ChEMBL vs. GOSTAR® - Data diversity and compound coverage

Predictive modeling with ADME data

It’s estimated that nearly one out of every two drug candidates will fail at the clinical trial stage due to insufficient efficacy, and up to two out of every five have previously failed due to toxicity.^{[i] [ii]} Regulators and researchers now recognize that, in addition to pharmacological properties, absorption, distribution, metabolism, and excretion (ADME) studies are critical to a drug candidate’s success. For over a decade, pharmaceutical companies have used rule-based filters such as Lipinski’s rule of five to avoid undesirable ADME profiles. More recently, they’ve begun to rely on predictive modeling.

Predictive models are used to assess a drug’s ADME profile, so data scientists require high volumes of ADME data to train their algorithms. Data volume is crucial, but so too is data diversity. The more unique compounds in a data set, the greater the probability of accurate predictions. This article introduces the importance of structural diversity in ADME data and compares GOSTAR® and ChEMBL to ascertain which database is most suitable for improving accuracy in predictive models. Following a thorough overlap analysis, our results show that the diversity of GOSTAR® data is 2x to 7x greater than that of ChEMBL.

Data coverage and quantity: critical to accurate pharmacokinetic predictions

Accurately predicting the behavior of a drug candidate in the human body is critical to drug discovery and development. Pharmacokinetics are generally grouped into four categories: absorption, distribution, metabolism, and excretion (ADME). Computational chemists and data scientists build artificial intelligence (AI) and machine learning (ML) models to analyze ADME data and predict the efficacy and safety of drug candidates. Candidates with the highest probability of successful interaction with a target and a low chance of side effects progress through the drug development program toward clinical testing. It’s vital, therefore, that AI/ML models are able to predict drug behavior accurately.

Inaccurate predictions can have serious consequences, not least in the wasted expense of significant time and money. Yet it is rarely the models and algorithms that are responsible for the inaccuracy. More often than not, the culprit is the data.

One of the key factors determining data quality is the number of unique compounds included in the set.

Given the importance of accurate ADME predictions in drug development, it’s imperative that ML models are trained on ADME data with a high number of unique compounds. To increase confidence in a model’s predictions among stakeholders facing go/no-go decisions about progressing potential drug candidates, data scientists must choose a data source with the requisite level of structural diversity across ADME parameters.

Comparing data diversity in GOSTAR® and ChEMBL

Two of the most popular sources of data for building predictive models are GOSTAR® and ChEMBL. Both are used by medicinal chemists, computational scientists, pharmacologists, and toxicologists to support drug discovery and development programs. The quality of their data is highly regarded in the pharmaceutical industry, and both GOSTAR® and ChEMBL incorporate manual curation processes to maintain quality standards.

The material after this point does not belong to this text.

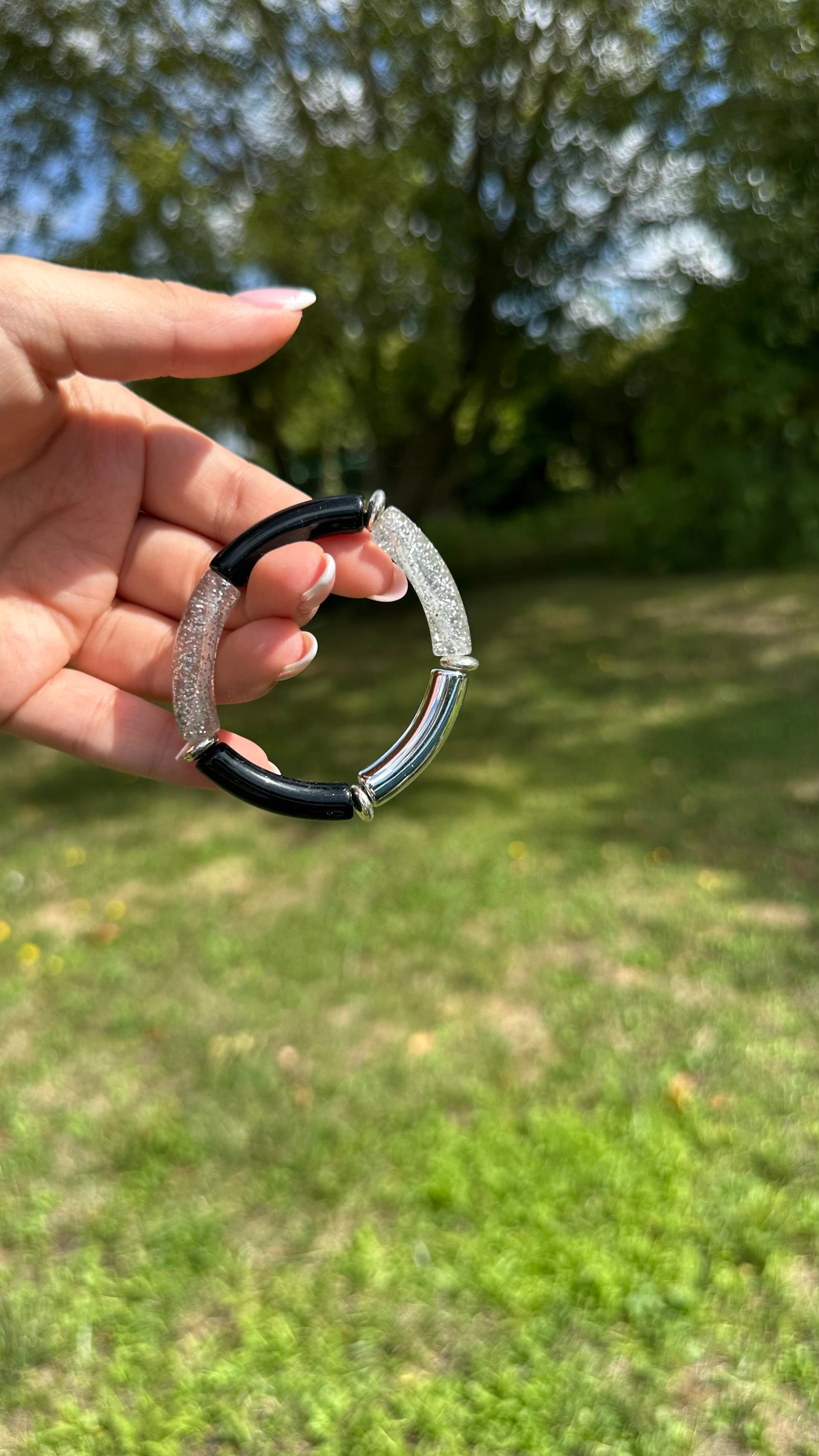 Le bracelet Lily est composé de petits tubes en résine assemblée la main.🎀
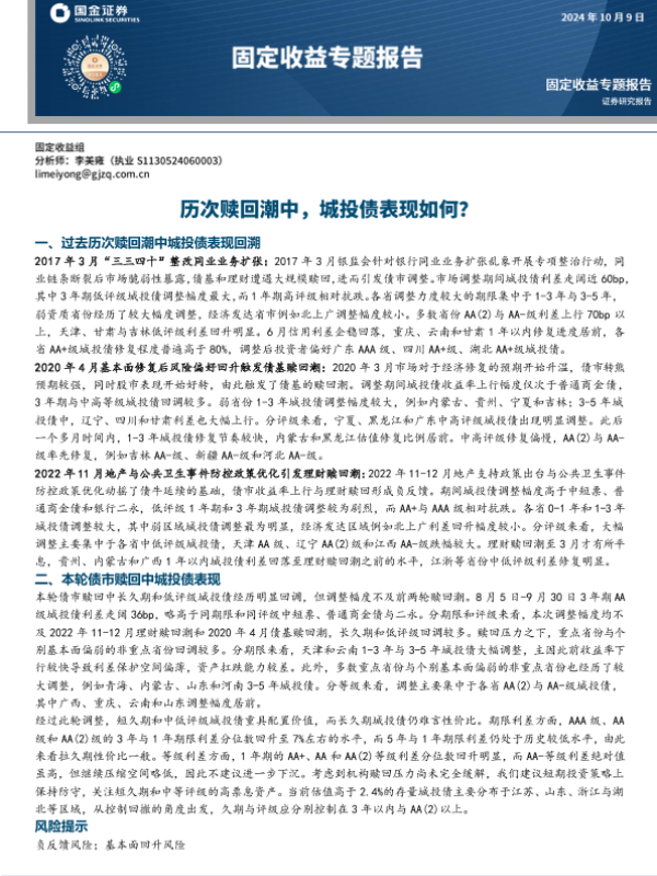 【国金证券】【20241009】固定收益专题报告:历次赎回潮中,城投债表现如何?-15页

There are, however, some major differences. Not least of which is the quantity of data; GOSTAR® substantially exceeds the number of compounds, bioactivities, literature assets, and patents found in ChEMBL (Table 1).^[iii]

Database	Compounds	Bioactivities	Scientific literature	Patents
GOSTAR®	9.4 million	32 million	208,901	90,614
ChEMBL	2.4 million	20 million	83,415	2,564

Table 1: Comparison of GOSTAR® and ChEMBL database size

But an advantage in volume would be inconsequential if not matched by diversity. How does GOSTAR® data contrast with ChEMBL data in this critical respect?

Determining compound coverage using KNIME

To compare the molecular similarity of GOSTAR® and ChEMBL compound sets, we used the Konstantz Information Miner (KNIME). KNIME is an open-source data analytics, reporting, and integration platform with tools and workflows for building machine learning and data mining models.^[iv] We selected a broad selection of ADME parameters and collected the search results from GOSTAR® and ChEMBL.

We uploaded and parsed the files into KNIME and converted the strings into a simplified molecular-input line-entry system (SMILES) with the Molecule Type Cast node. Then we used the RDKit Fingerprint node to generate hashed, 1024-bit Morgan fingerprints with a circular radius of 2, which have been shown in the literature to provide faster and comparable results when searching for molecular similarity than other fingerprints with higher bit length and radius.^[v] The Tanimoto similarity coefficient in the two tables was calculated using a Chemistry Development Kit (CDK) fingerprint similarity node. Finally, we joined the node results using the Joiner node, and the outcome was visualized using a histogram node (Fig.1).

Molecular similarity analysis between two datasets

Figure 1: Workflow to analyze the molecular similarity between two datasets

Establishing GOSTAR®’s data superiority

The results of the overlap analysis are clear. The number of unique compounds in GOSTAR® ranges between 2x and 7x that of those overlapping with the ChEMBL database (Table 2).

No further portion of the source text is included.